Royal Game of Ur

Traditional

Players
2
Age
8+
Time
20 - 80
# race game
# Asia
# Eastern
# Ancient
# Traditional
# Race
# action selection
# chasing sticks
# dice
# dice rolling

How to set-up

1. The Royal Game of Ur is played on a board with two blocks of squares (4 x 3 and 2 x 3) connected by a bridge of 2 squares. The board is marked with five rosettes.

2. The Royal Game of Ur also requires a die-four. You can use 3 dice instead; odd numbers representing 1, and even numbers 0. Moves are calculated as the sum of the dice (1 through 3). If a throw shows 3 even numbers, the player misses their turn.

3. Each player selects 7 BEADs colour of their choice.
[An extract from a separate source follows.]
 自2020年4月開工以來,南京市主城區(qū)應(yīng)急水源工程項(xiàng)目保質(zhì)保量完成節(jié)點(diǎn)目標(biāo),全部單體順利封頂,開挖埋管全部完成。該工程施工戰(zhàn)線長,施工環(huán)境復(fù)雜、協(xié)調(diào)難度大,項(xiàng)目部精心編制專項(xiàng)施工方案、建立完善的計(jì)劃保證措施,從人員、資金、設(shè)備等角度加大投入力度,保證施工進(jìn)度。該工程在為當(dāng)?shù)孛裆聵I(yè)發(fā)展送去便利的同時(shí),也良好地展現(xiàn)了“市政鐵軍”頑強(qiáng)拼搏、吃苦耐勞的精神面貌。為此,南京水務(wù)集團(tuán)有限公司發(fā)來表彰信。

BEADs start off the board.

4. Players decide who begins the game by rolling a die.

How to play

1. No special roll is required to start a BEAD.

2. Players roll to determine how many spaces they can move their BEAD.
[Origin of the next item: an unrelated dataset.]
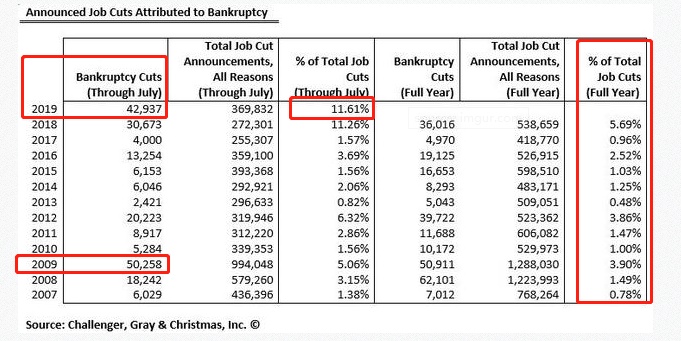 根据报告,截至今年7月,42937名工人因所在公司申请破产而失业,比去年同期宣布的30673破产裁员高出40%,比去年全年宣布的36016人破产裁员高出19%,创下了自2009年前7个月(破产而宣布裁员50258人)以来的新高。事实上,这一数字高于2009年以来每年的破产裁员总数。2009年全年共宣布因破产裁员50911人。

3. Each player enters the board on the square directly under the rosette on the middle row of play spaces (players enter directly opposite each other).

4. Players move the BEAD along the long side of the larger block of squares towards the rosette in the corner, turning onto the middle row and proceeding across the bridge to the second block of squares.
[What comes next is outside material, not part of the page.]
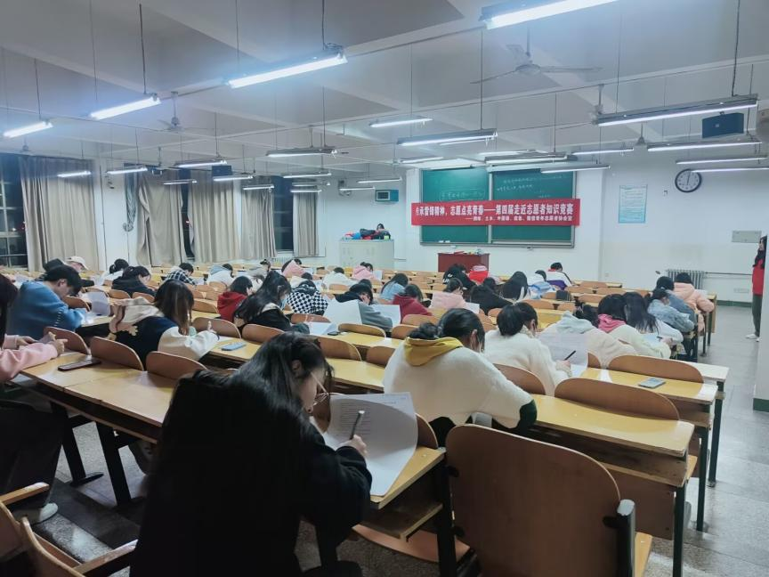 竞赛以抢答、竞猜、笔试的形式进行,以多样的方式在潜移默化中加深志愿者的知识印象。3月18日晚开展“走近志愿者”知识竞赛擂台赛,五个学院青协的志愿者以学院为单位两两比拼,比赛过程中志愿者激情竞答,纷纷参与抢答。擂台赛的开展不仅丰富了志愿者的知识,还增强学院之间的友谊。19日晚开展笔试测试,检测知识的累积成就,志愿者笔下如有神,在这场测试中取得较好的成果。

5. Once they reach the end of the row, they turn onto the row on their opponent’s side of the board, exiting after the rosette. This routing provides 14 spaces, with the 15th move exiting the board.

6. When a player lands on a rosette, they can roll the dice again and continue to play however with their next role they do not have to move the BEAD on the rosette.

7. A player can have as many BEADs as they like on a square, but only one BEAD can land on a rosette.

8. If a player lands on a square that is occupied by their opponent’s BEAD, the opponent’s BEAD is removed from the board, requiring the player to start the BEAD again.

9. Players must roil and exact number for their BEAD to leave the board.

How to win

To win the game, a player must be the first to move all 7 of their BEADs off the board.

History

1. The Royal Game of Ur gets its name from two boardgames which were found in tombs by Sir Leonard Wooley, who was carrying out excavations in the ancient city of Ur in the 1920s.

2. The two boards date from before 2600 BCE. Each of the game boards is composed of a set of twelve squares and a set of six cases linked by a bridge of two cases. One of the two boardgames is famous and is exhibited in the collections of the British Museum in London. It is sumptuously decorated with shells carved with lapis lazuli and limestone.

3. Sets of pawns were also found: seven white pawns with five black dots on each and seven black pawns with five white dots. Also two sets of three pyramid-like dice.

4. The Ur-style Twenty Squares gameboard was also known in Egypt as Asseb, and has been found in Pharaoh Tutankhamen's tomb, among other places.